The VEO project, which has a defined and bounded set of SARS-CoV-2 analyses, will have its own analysis mobilisation task. While available to users alongside ELIXIR-CONVERGE analyses, development work relating to VEO SARS-CoV-2 analyses will be funded exclusively by the VEO project.
Task 8.3 Enhance access
We will extend and enhance the access points for data in the system, providing tools and support, for example, for automated synchronisation with all data in the platform into external computational facilities.
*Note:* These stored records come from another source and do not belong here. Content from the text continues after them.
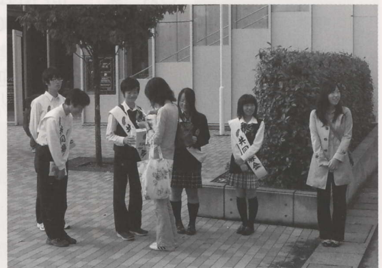
甲陵高校生による街頭募金活動（長坂駅前）
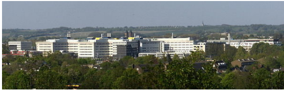
Het Academisch Ziekenhuis Maastricht vanaf de Sint-Pietersberg

wijze') daarin een rol. [21] Door de vergrijzing in dit deel van Nederland, zijn er relatief veel ouderen, die relatief vaak gebruikmaken van zorginstellingen.
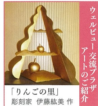
「りんごの里」 彫刻家 伊藤紘美 作
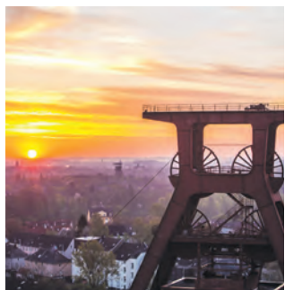
Blick über den Stadtbezirk VI – Zollverein.

Wie geht es weiter mit Zollverein und Umgebung? Die Stadt Essen und die Stiftung Zollverein laden alle Anwohnerinnen und Anwohner aus den Stadtteilen Katernberg, Schonnebeck und Stoppenberg sowie weitere Interessierte zu einer Informationsveranstaltung ein. Am Montag, 9. Februar 2026, zwischen 17 und 19 Uhr, stellen sie den Anwesenden die geplanten Maßnahmen und Ideen aus dem neuen Integrierten Entwicklungskonzept (IEK) vor. Im Anschluss können die Teilnehmerinnen und Teilnehmer in einer Diskussion ihre Fragen und Anregungen mit der Stadt Essen und der Stiftung Zollverein teilen. Die Veranstaltung findet im Koks-Kohlenbunker auf dem UNESCO-Welterbe Zollverein statt. Weitere Informationen gibt es unter essen.de/iekzollverein
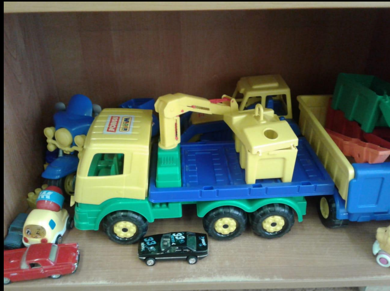
Сюжетно –ролевая игра «Гараж»
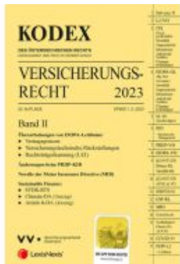
KODEX Versicherungsrecht Band II 2023 - inkl. App Ladenpreis: 62,00EUR

Wir haben andere Produkte gefunden, die Ihnen gefallen könnten!
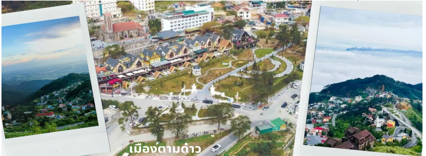
เมืองตามด้าว

สงบ ธรรมชาติอุดมสมบูรณ์ เหมาะกับคนที่อยากหนีร้อนจากในเมืองมาพักผ่อนชิลๆ และที่นี่ยังถูกเรียกว่า Little Sapa และ ดาลัดแห่งภาคเหนือ เนื่องจากเป็นเมืองกลางสายหมอกในหุบเขา และมีความเป็นยุโรปคล้ายกับซาปา
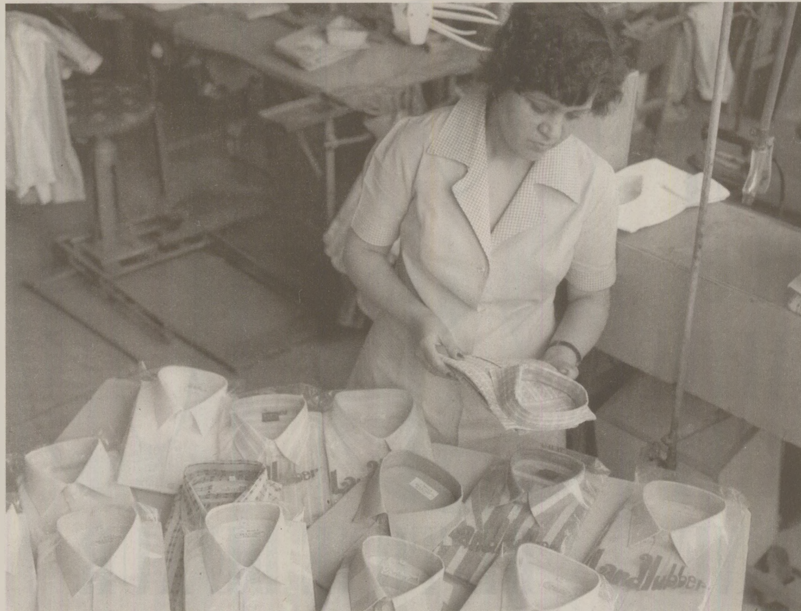
În 1989, exportul produselor de cea mai bună calitate era o prioritate, românii beneficiind majoritar de rebuturi

S-a mai temut pentru siguranța sa și a familiei sale în toamna anului 1989, când Ceaușescu și-a făcut ultima vizită de lucru la Brăila. „În minte că am stat o zi și o noapte, cu toată întreprinderea, să asfaltăm alei și să dăm cu var, fiindcă tovarășul anunțase că vine și la fabrica noastră. N-a mai venit la noi, dar eu n-am scăpat fiindcă am fost convocată, la fel ca toți directorii din Brăila, la Consiliul Popular, unde Ceaușescu urma să primească un raport din partea primului-secretar. Noi am fost băgați în două birouri de lângă sala de ședință, ca să fim la îndemână în caz că tovarășul întreabă ceva despre o între-
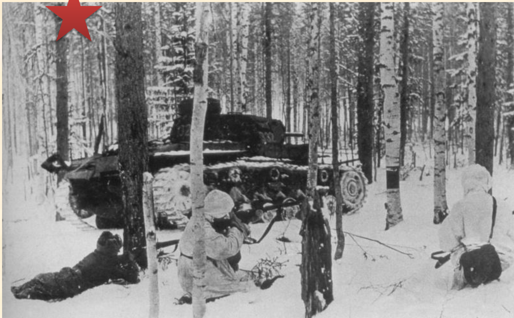
Советские солдаты в бою в лесу под Москвой
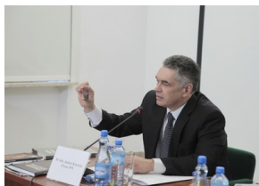
Konferencja prasowa prezesa IPN Janusza Kurtyki – 6 kwietnia 2010.

Była to ostatnia konferencja prasowa Janusza Kurtyki. 10 kwietnia 2010 roku prezes IPN zginął w katastrofie samolotu prezydenckiego w Smoleńsku, w drodze na uroczystości upamiętniające 70. rocznicę Zbrodni Katyńskiej. Na pokład samolotu zabrał egzemplarze pierwszego wydania książki Zbrodnia Katyńska. W kręgu prawdy i kłamstwa , wraz z katyńskim numerem „Biuletynu IPN” .
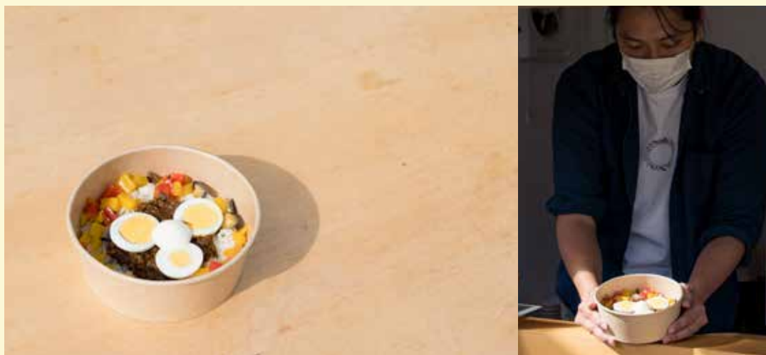
《口から出るもの、入るもの》 坂本大三郎 / Daizaburo Sakamoto
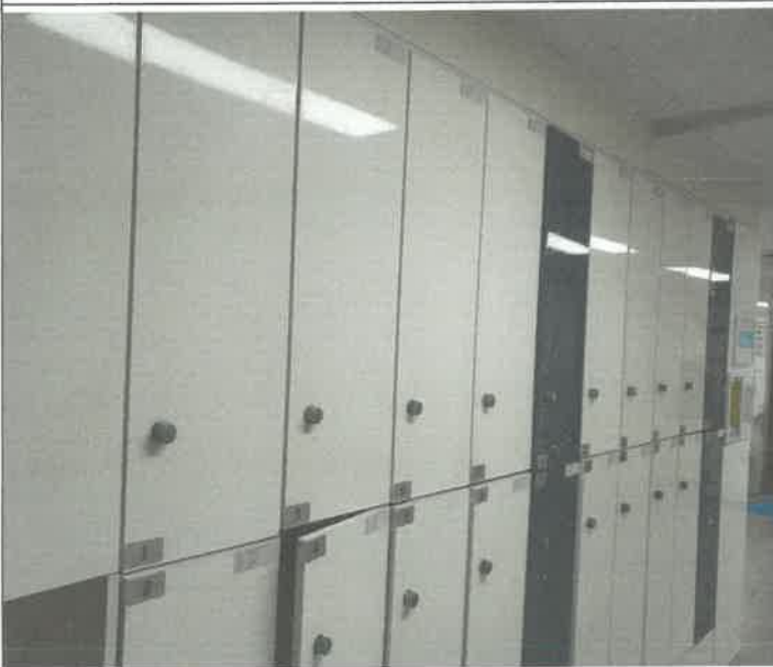
수영장 남자 탈의실 락카 문짝 1기 탈락보수
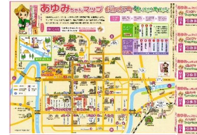
食べあるき・まちあるきMAP

(一財)飢肥城下町保存会が中心となり、飢肥城下町周辺の店舗と連携をし、地元特産の食べ物や手作り商品と引き替えしながら、飢肥の施設や町並みを楽しんでもらう食べあるき・まちあるき事業に取り組んでいる。
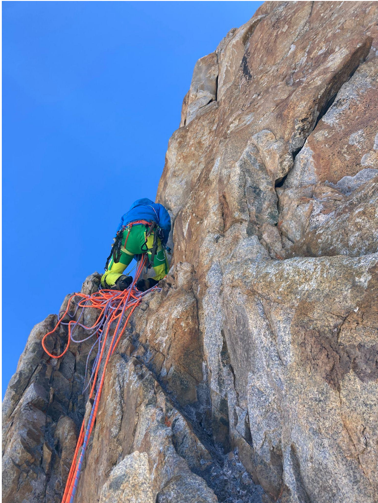
Фото 11 – Станция перед второй частью ключевой веревки

После прохождения ключа основные технические трудности маршрута окажутся позади, но впереди – основной набор высоты и долгий путь по
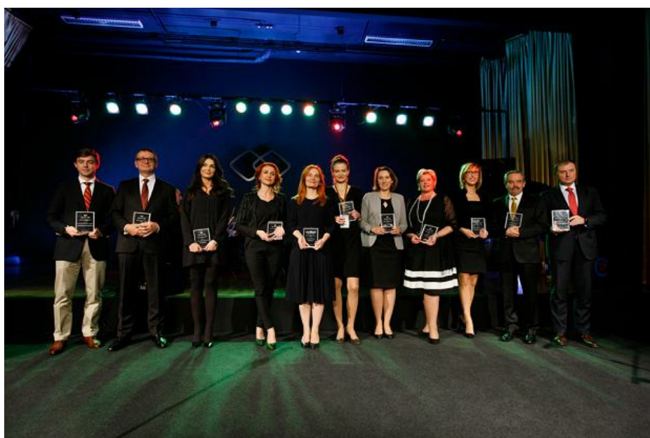
Laureaci konkursu Responsible Business Awards (Fundacja Fabryki Marzeń)
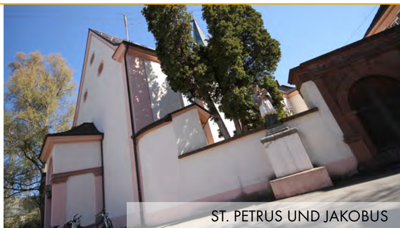
ST. PETRUS UND JAKOBUS

Frau Kochendörfer Mo. 10.00 - 16.00 Uhr und Mi. 13.30 - 17.00 Uhr Tel. 07 41 / 24 61 32 E-Mail: kochendoerfer@caritas-schwarzwald-alb-donau.de oder www.lebensfaden.org
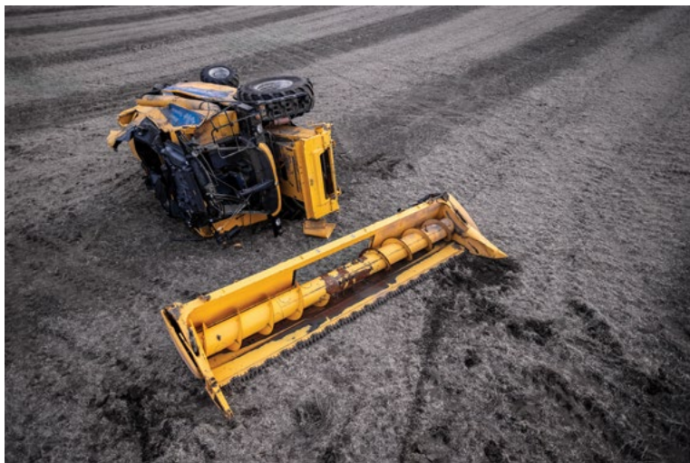
На південний захід від Рівного, Рівненська область, Україна листопад 2024 року

02 липня 2024 року я косив пшеницю на своїй фермі в штаті Іллінойс, коли отримав смс: «Харківська область. Кілька годин тому випущена ракета, знищено комбайн New Holland TC-5.90». Я не міг не думати про те, що через два дні Америка святкуватиме нашу свободу, в той час як українці відчайдушно боротимуться за свою – і все це в той час, коли українські фермери ризикують життям, щоб завершити збір врожаю.
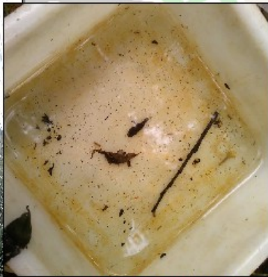
↑ Fond de bassin présentant près de 200 larves de moustiques ← Gîte larvaire en cours de traitement

Ce scénario semble se répéter avec des pluies orageuses qui ont plutôt épargné le secteur des 3 frontières ainsi que le Bassin potassique.
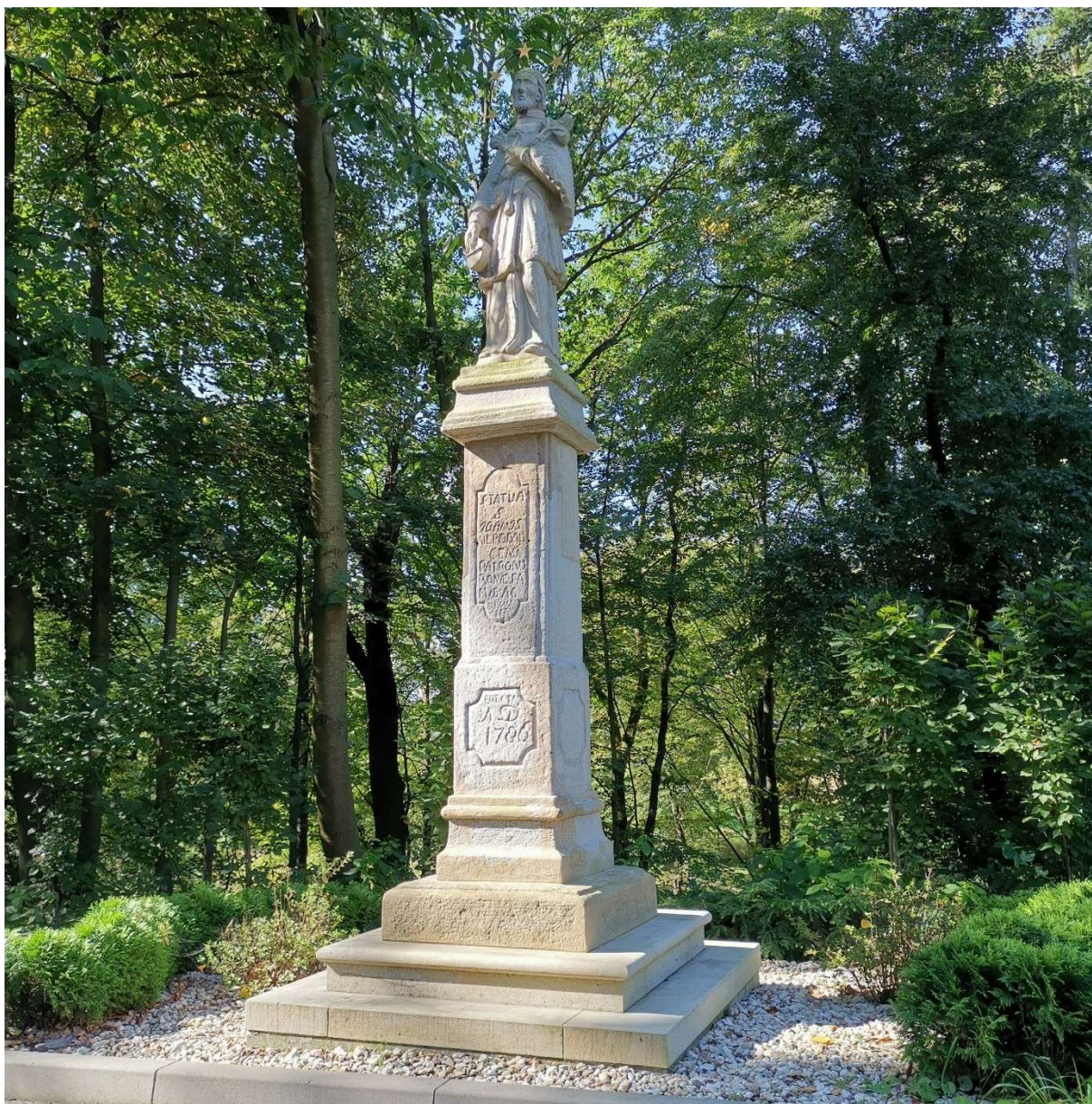
Figura św. Jana Nepomucena, na ul. Kościelnej w Bestwinie po renowacji.
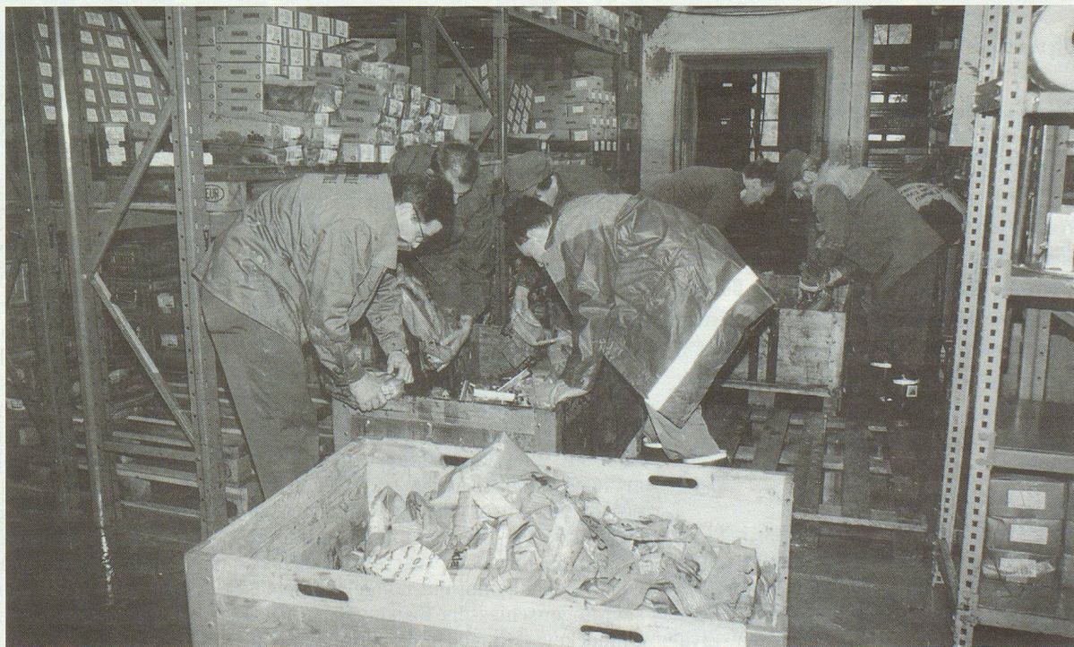
Wertvolles Material wird in Sicherheit gebracht, denn eine neue Flutwelle ist angekündigt.
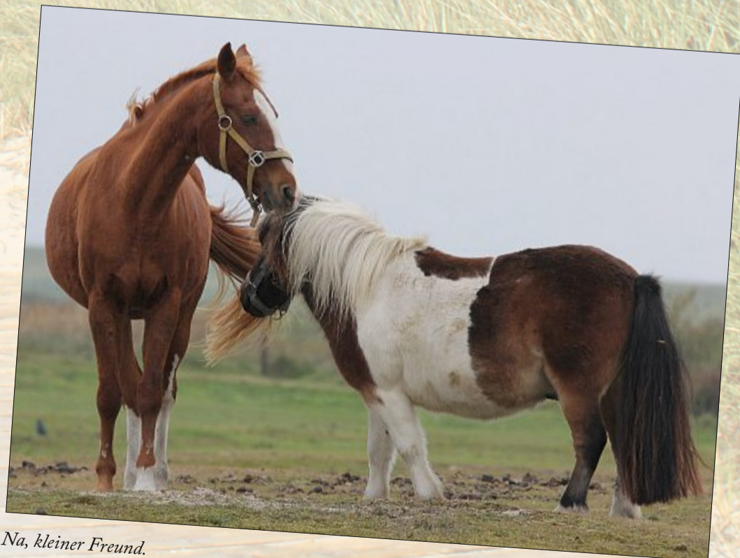
Na, kleiner Freund.
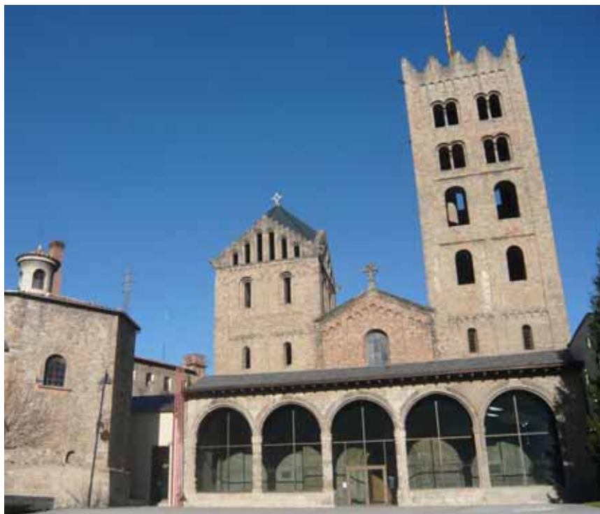
Monestir de Santa Maria de Ripoll.
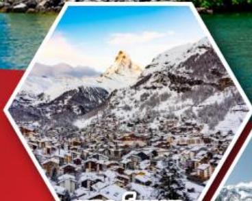
เซอร์แมท
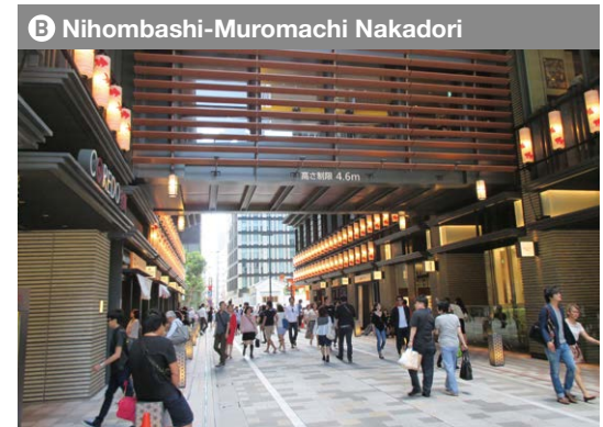
B Nihombashi-Muromachi Nakadori Horario de zona peatonal: Días de semana, fin de semana y feriados: 11AM - 8PM
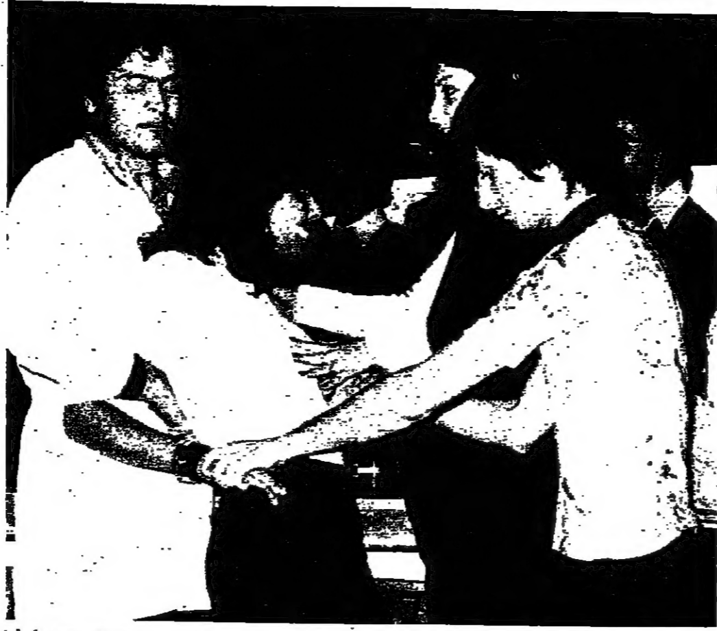
تكثيف يدي طالبة، بعد كم نهائي نطاق البرنامج

الاداب في الجامعة اللبنانية: «انا لم انا شاهدت «المهوية»، ولكنني قرأت عنها في الصحف، واقول بانني ضد كل خفة تخرج من اطار ثقافتنا العربية
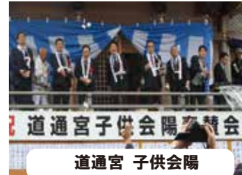
道通宮 子供会陽 道通宮 子供会陽
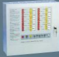
24 Zon Konvaksiyonel Yangın Alarm Paneli
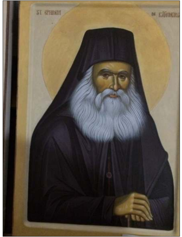
St E. de Katounakia, peinte, 40/50, 300 Euros
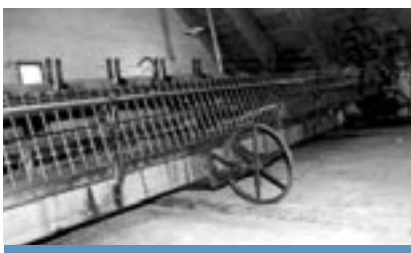
La Mule Jenny (s. XIX), una de les màquines més emblemàtiques de la Fàbrica dera Lan.

Web: www.aran.org . Adreça electrònica: museu@aran.org .

We will work with our many networks to enable data flow from the system and the connection of new third-party tools and interfaces. Drawing from and extending the tools and services offered via ELIXIR’s Tools, Interoperability and Compute Platforms, we will, for example, enable data and workflow access from within Galaxy, present data in compliance with BioSchemas.org and synchronise data into cloud instances. Under the ELIXIR Data Platform, the COVID-19 pandemic will allow us to present and develop ELIXIR Core Data Resources as key components in infectious disease research into the future.
|D8.1||Access to EU tools and project data.
Systems to capture and maintain user tools and datasets internal and external to EMBL-EBI’s molecular data resources using the ELIXIR bio.tools registry and the EMBL-EBI BioStudies database.
|D8.2||Workshop to explore and plan the inclusion of tools and data from projects that have diverted towards COVID-19 research
Workshop to explore and plan inclusion of tools and data from projects that have diverted towards COVID-19 research.
|D8.3||Raw sequence data processing workflow in operation
Systematic and autonomous processing and analysis of incoming data with preliminary results presentation.
|D8.4||Phylogenetic tools and enhanced results visualisation
Improved navigation and visualisation tools for systematic processing and analysis, including phylogenetic trees.
|D8.5||Data access points and tools
New and enhanced data access points to SARS-CoV-2 data supporting such operations as full data synchronisation, accessibility from external cloud compute and embedding in third party tools.